- **WORK TO BE COMPLETED**: Would you copy exactly the lines in the data below from the one that has "50 PCS Save" through the one that has "児童朝会の時に校長先生から後", dropping any pictures?

- **DATA UNDER STUDY**:
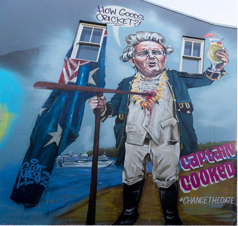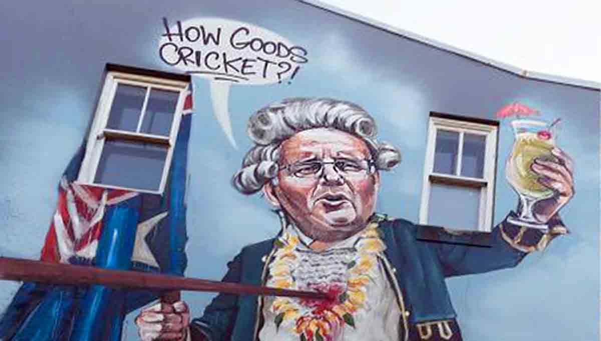 No stranger to controversy, Marsh continues a theme in mockery of Prime Minister Scott Morrison, depicting him as “Captain Cooked” in a huge mural overlooking Maria Lane. This is the latest of several controversial murals painted by Marsh on the BVH, most famously including one of former PM Tony Abbott and Cardinal George Pell in a compromising situation.
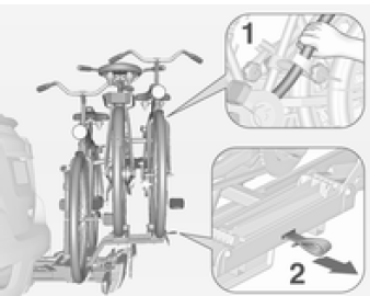 Pousser le porte-vélo (1) vers le bas et faire pivoter la poignée (2) vers l'arrière pour l'engager.
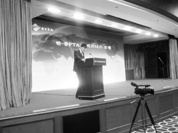 23日下午,在中韩FTA扩大经济合作研讨会上,韩国贸易协会北京支部长崔荣敏说烟台将受惠多多。 本报记者 王永军 摄
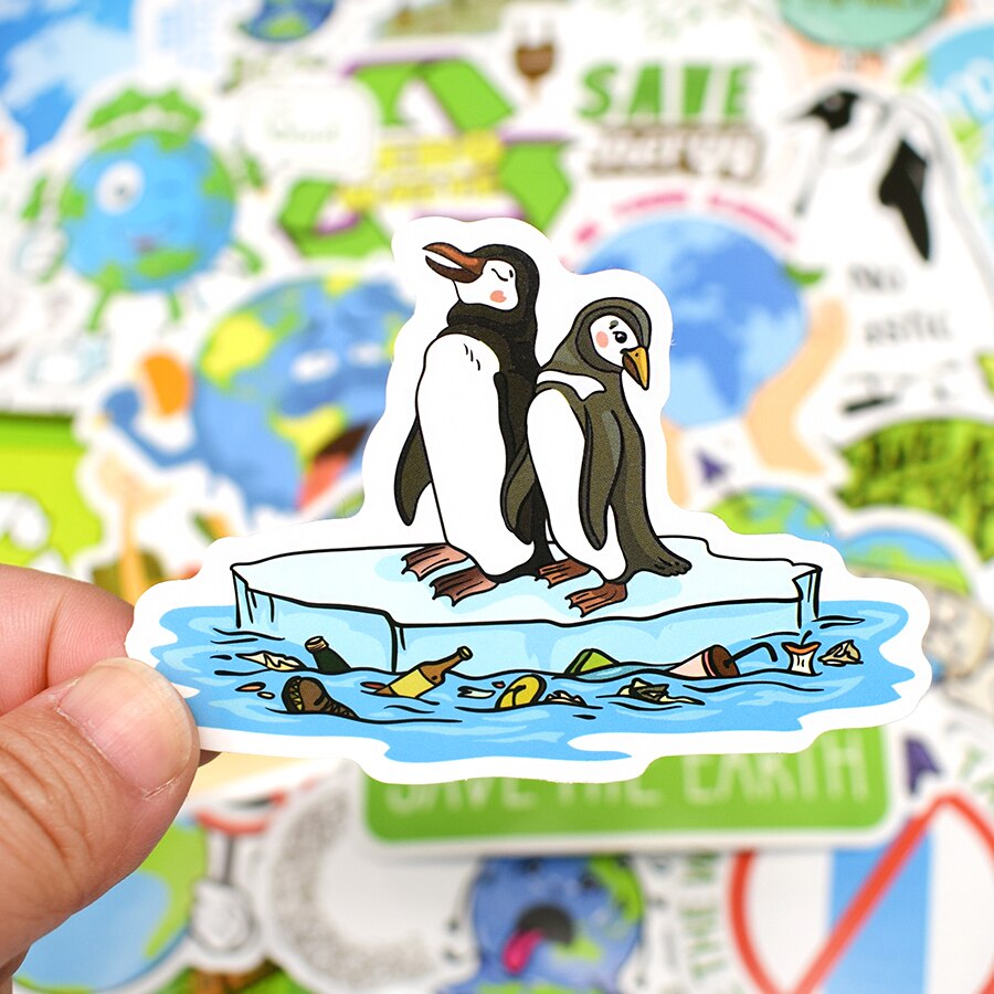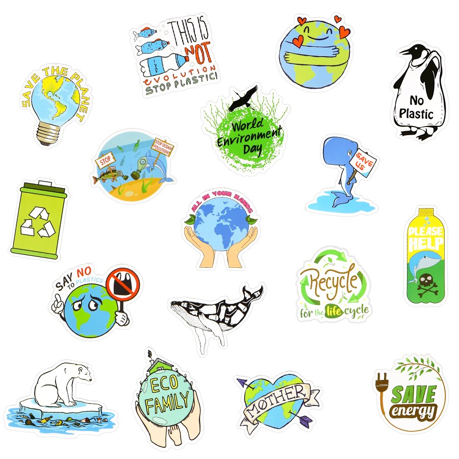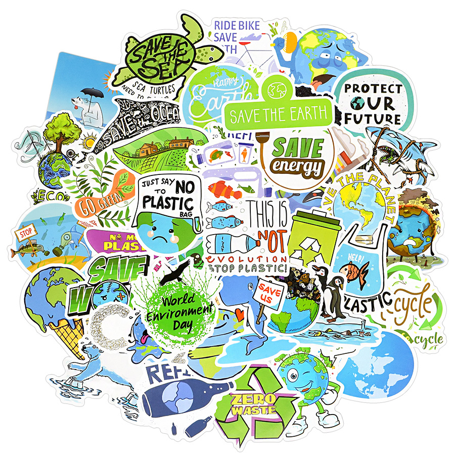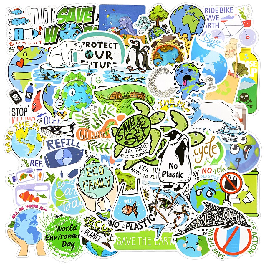 50 PCS Save Earth Stickers Funny Cartoon Vinyl Decal Education Environment Sticker for Kid Gift DIY Laptop Fridge Car Bike Diary
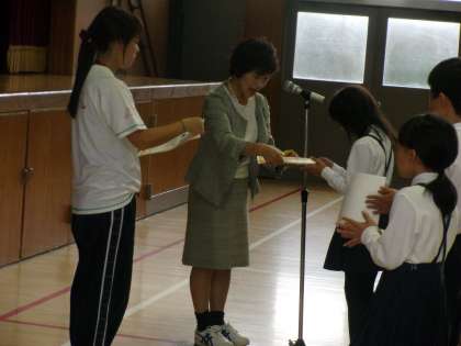 児童朝会の時に校長先生から後期児童会役員の子どもたちに認証状を渡しました。前期児童会役員の子どもたちは、わくわく集会や運動会などいろいろな場面で活躍してくれました。後期児童会役員の子どもたちもどんどん活躍してほしいと思います。
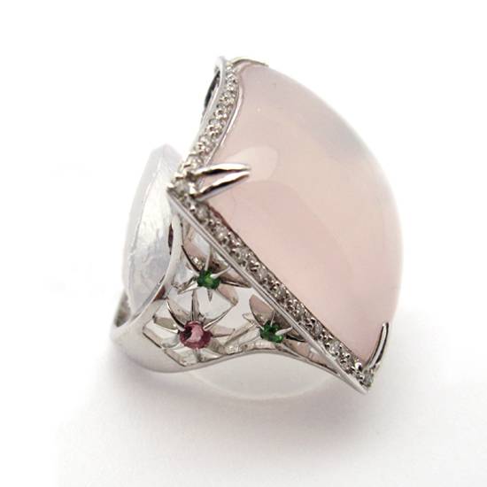 This is a 18K white gold ring with a large rose quartz. The cabochon quartz piece is in 4 double prong setting surrounded by an frame of diamonds.

- **RESULT OF THIS EXERCISE**:
 50 PCS Save Earth Stickers Funny Cartoon Vinyl Decal Education Environment Sticker for Kid Gift DIY Laptop Fridge Car Bike Diary
 児童朝会の時に校長先生から後期児童会役員の子どもたちに認証状を渡しました。前期児童会役員の子どもたちは、わくわく集会や運動会などいろいろな場面で活躍してくれました。後期児童会役員の子どもたちもどんどん活躍してほしいと思います。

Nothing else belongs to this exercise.